In large-scale syngas fermentation, strong gradients in dissolved gas (CO, H2) concentrations are very likely to occur due to locally varying mass transfer and convection rates. Using Euler-Lagrangian CFD simulations, we analyzed these gradients in an industrial-scale external-loop gas-lift reactor (EL-GLR) for a wide range of biomass concentrations, considering CO inhibition for both CO and H2 uptake. Lifeline analyses showed that micro-organisms are likely to experience frequent (5 to 30 s) oscillations in dissolved gas concentrations with one order of magnitude. From the lifeline analyses, we developed a conceptual scale-down simulator (stirred-tank reactor with varying stirrer speed) to replicate industrial-scale environmental fluctuations at bench scale. The configuration of the scale-down simulator can be adjusted to match a broad range of environmental fluctuations. Our results suggest a preference for industrial operation at high biomass concentrations, as this would strongly reduce inhibitory effects, provide operational flexibility and enhance the product yield. The peaks in dissolved gas concentration were hypothesized to increase the syngas-to-ethanol yield due to the fast uptake mechanisms in C. autoethanogenum. The proposed scale-down simulator can be used to validate such results and to obtain data for parametrizing lumped kinetic metabolic models that describe such short-term responses.
Mass transfer limitations in syngas fermentation processes are mostly attributed to poor solubility of CO and H2 in water. Despite these assumed limitations, a syngas fermentation process has recently been commercialized.

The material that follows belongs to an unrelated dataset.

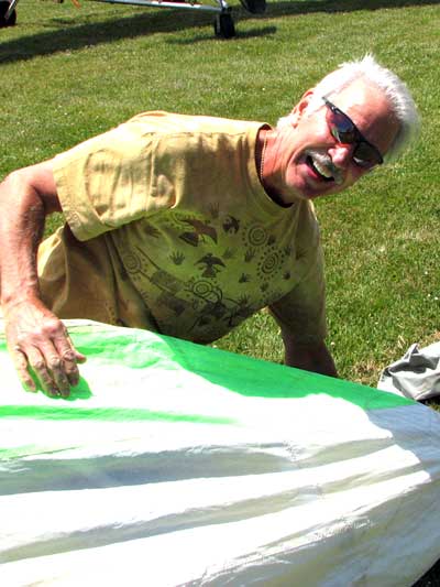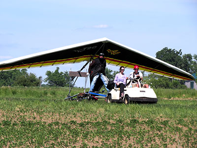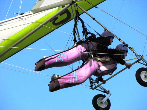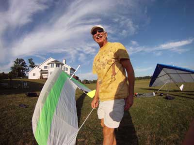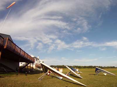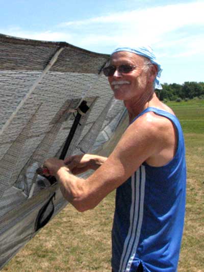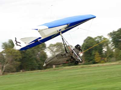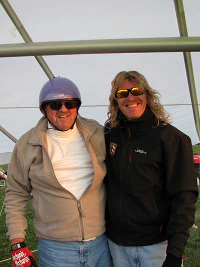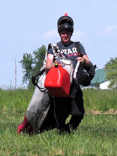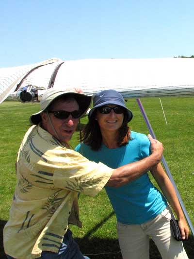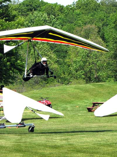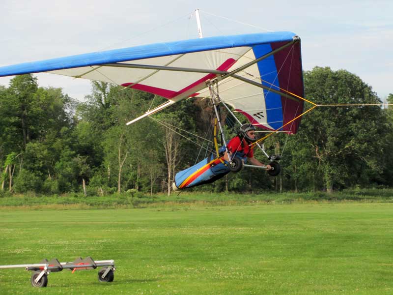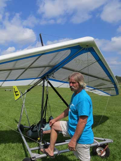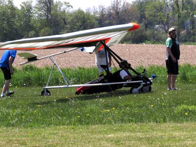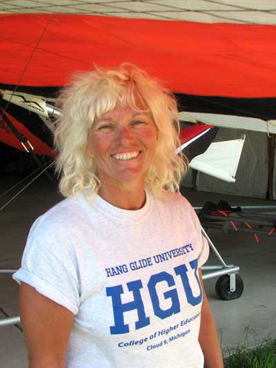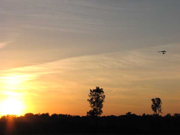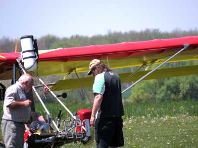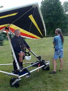 The Skydog Report Friday is a blue sky day and Scot Maue gets off first and I go next and I see scot getting down to a thousand feet while I get towed to 2,500 feet and Scot comes in under me and I use his thermal and we finally get up to 3 grand and go searching for more and while doing so I get down to 600 feet but get lucky and find a thermal that takes me out of the hole and back up to 3 grand again. Scot and I take turns getting above each other and after an hour and twenty minutes I see Trevor Glidersleeve and Chris Christophersen getting ready to launch and they both get airborne and Trevor joins Scot and I for a few minutes and then heads south and finally sinks out and then Chris joins me and we work some lift above a tractor that is working the field below and we both get above 3 grand and finally Chris heads south to the landing field and barely makes it into the north end of the field at Cloud 9 and then within five minutes I squeak in and make a perfect spot landing for a flight of 2 hours and 30 minutes. Scott did 2 hours and Trevor did about a half hour and Chris must have done 45 minutes. It was a really nice blue sky day that was very challenging. Saturday, another blue sky day and Jim and Marzena Gibson pull in around 11 am on their way home from Virginia. I took three flights and finally on the last one at 4:30 I got a 1 hour and 13 minute flight up to 3,995 feet along with a 13 minute and a 26 minute flights. There were lots of pilots and a few did well but the sink areas were pretty big so lots of sledders. Mark Bolt visited for the day riding his new Kawasaki 650. Pilots for today were Brian Deimling, Trevor Glidersleeve, Chris Bratsis, Chris Christopersen, Scot Maue, Mark Dugan, Lisa Colletti and myself and then there were the tandems in the evening. Sunday was an interesting day with lots of wind. At noon the wind was 14 mph gusting to 18 or more. At 2 pm Scot Maue got on a cart and tried the air and was soon on the ground. Unfortunately I jumped in right behind Scot and only lasted 14 minutes searching over a freshly ploughed field with no luck. When I landed Scot was getting his Exxtacy on a cart again and I wondered why. When Scot was towed up this time he headed toward some haze domes that were forming to the west of the field and sure enough Scot got up well over 4,000 feet so I got ready and Tracy towed me up over the field and I headed west to the domes and sure enough there was great lift and the higher I got the faster the climbs right up to 6,000 feet. Scot later said that he registered 700 fpm. I lost sight of Scot immediately but worked the lift for forty minutes and finally saw someone else take off. I worked lift over the fields to the northeast of Cloud 9 and noticed Mark Dugan and another glider flying way below. I took the lift from a tractor working a field and took it back to the north real close to hyw. 96 and finally got up to 6,745 feet ato. Feeling like I was getting a long ways away from the landing area, I pulled the bar in and flew fast toward Cloud 9 to the south likely flying through lift that I did not detect. I got back to the field with 1,400 feet and searched and lost to a good landing twenty feet from the spot. Trevor and Scot were there and I realized that about five others were in the air still and as they landed a half hour later it was evident that there was still lots of lift at six pm. Mark Dugan later old me that he finally got up to over 6 grand and that he was north of Fowlerville and that he had seen me way below as I was racing back to Cloud 9 Field west. Sure do wish that I had slowed down and caught more lift which may have extended my flight time by almost an hour. Chris Bratsis dropped in last and was excited with his great flight. My flight time was 1 hour and 38 minutes and most pilots got around two hours. Pilots for today were Brian Deimling, Trevor Glidersleeve, Chris Bratsis, Chris Christopersen, Jim Dedes, Scot Maue, Mark Dugan, and myself Dan Maslanik (Guido) helped launch on both days and Tracy Tillman towed solos on all three days and Lisa towed the tandems Friday and Saturday. |

Using large-sale external-loop gas-lift reactors (EL-GLR), CO-rich off-gases are converted into ethanol, with high mass transfer performance (7–8.5 g.L-1.h−1). However, when applying established mass transfer correlations, a much poorer performance is predicted (0.3–2.7 g.L-1.h−1). We developed a CFD model, validated on pilot-scale data, to provide detailed insights on hydrodynamics and mass transfer in a large-scale EL-GLR. As produced ethanol could increase gas hold-up (+30%) and decrease the bubble diameter (≤2 mm) compared to air–water mixtures, we found with our model that a high volumetric mass transfer coefficient (650–750 h−1) and mass transfer capacity (7.5–8 g.L-1.h−1) for CO are feasible. Thus, the typical mass transfer limitations encountered in air–water systems can be alleviated in the syngas-to-ethanol fermentation process.